A Time-Resolved, Low-Noise Single-Photon Image Sensor Fabricated in Deep-Submicron CMOS Technology
IEEE Journal of Solid-State Circuits, 2000
We report on the design and characterization of a novel time-resolved image sensor fabricated in a 130 nm CMOS process. Each pixel within the 32 32 pixel array contains a low-noise single-photon detector and a high-precision time-to-digital converter (TDC). The 10-bit TDC exhibits a timing resolution of 119 ps with a timing uniformity across the entire array of less than 2 LSBs.
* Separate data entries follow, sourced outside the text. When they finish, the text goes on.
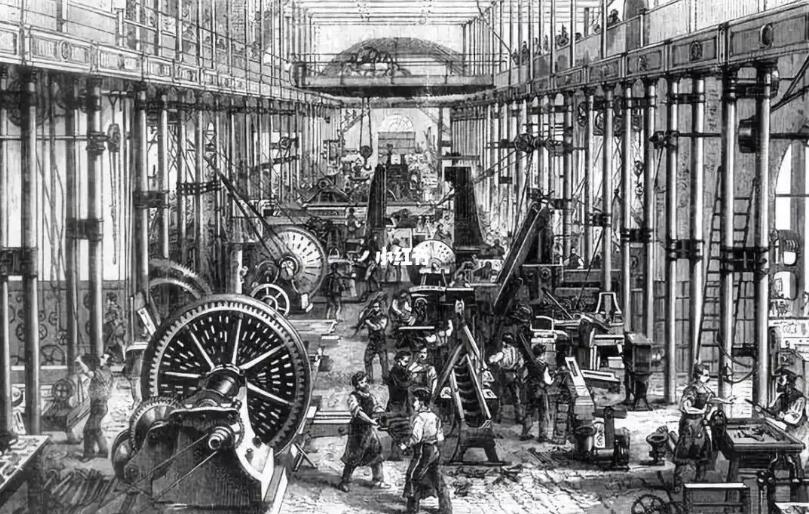 一種說(shuō)法認(rèn)為工業(yè)革命在1750年左右已經(jīng)開(kāi)始,但直到1830年,它還沒(méi)有真正蓬勃地展開(kāi)。大多數(shù)觀點(diǎn)認(rèn)為,工業(yè)革命發(fā)源于英格蘭中部地區(qū)。18世紀(jì)中葉,英國(guó)人瓦特改良蒸汽機(jī)之后,一系列技術(shù)革命引起了從手工勞動(dòng)向動(dòng)力機(jī)器生產(chǎn)轉(zhuǎn)變的重大飛躍。隨后傳播到英格蘭到整個(gè)歐洲大陸,19世紀(jì)傳播到北美地區(qū)。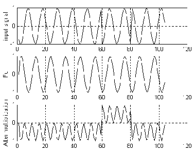 Затем сигнал идет на блоки умножения, на которые также подается с опорного кварцевого термостатированного генератора . Сигналов два, они сдвинуты по фазе относительно друг друга на 180 градусов. Это необходимо для последующего сравнения. Итак, цепь разветвилась. После умножения получается сигнал, изображенный на диаграмме. (моделирование в Matlab 4.2c)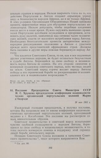 Послание Председателя Совета Министров СССР Н. С. Хрущева председателю конференции националистических организаций португальских колоний Марио д’Андраде. 26 мая 1961 г. // Печат. по арх. Опубл. в газ. «Правда», № 167 (15657), 16 июня 1961 г.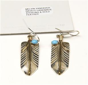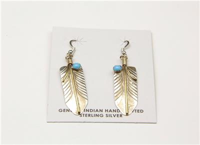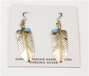 -Beautiful Sterling silver and Gold filled "feather" dangle earrings with a small round bezel set turquoise stone
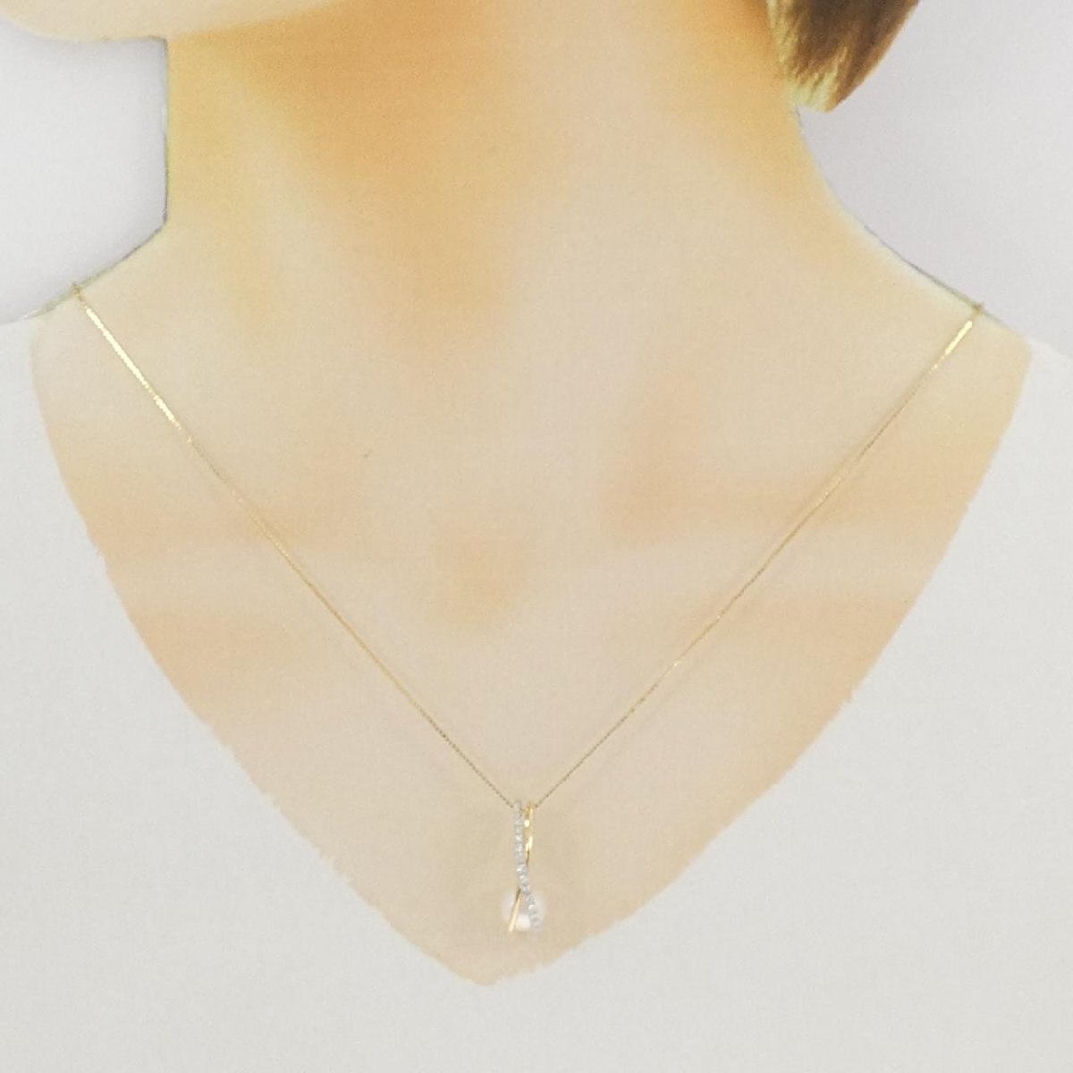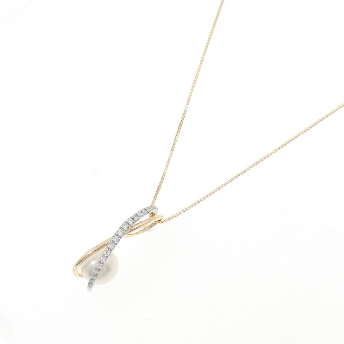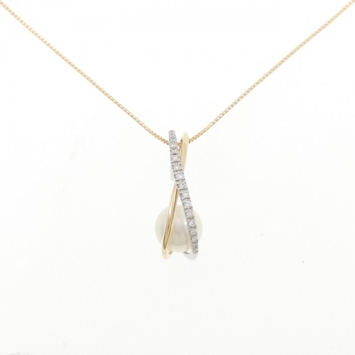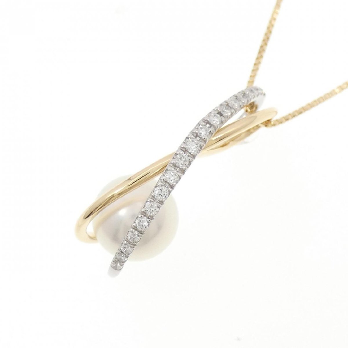 柔らかな光沢のアコヤパールを、流れるような2色のラインで包み込んだデザイン。片側に配されたダイヤモンドの煌めきが、胸元に上品な輝きと立体感を添えます。

The differential non-linearity (DNL) and integral non-linearity (INL) were measured at ±0.4 and ±1.2 LSBs, respectively. The pixel array was fabricated with a pitch of 50 µm in both directions and with a total TDC area of less than 2000 µm². The target application for this sensor is time-resolved imaging, in particular fluorescence lifetime imaging microscopy and 3D imaging. The characterization shows the suitability of the proposed sensor technology for these applications.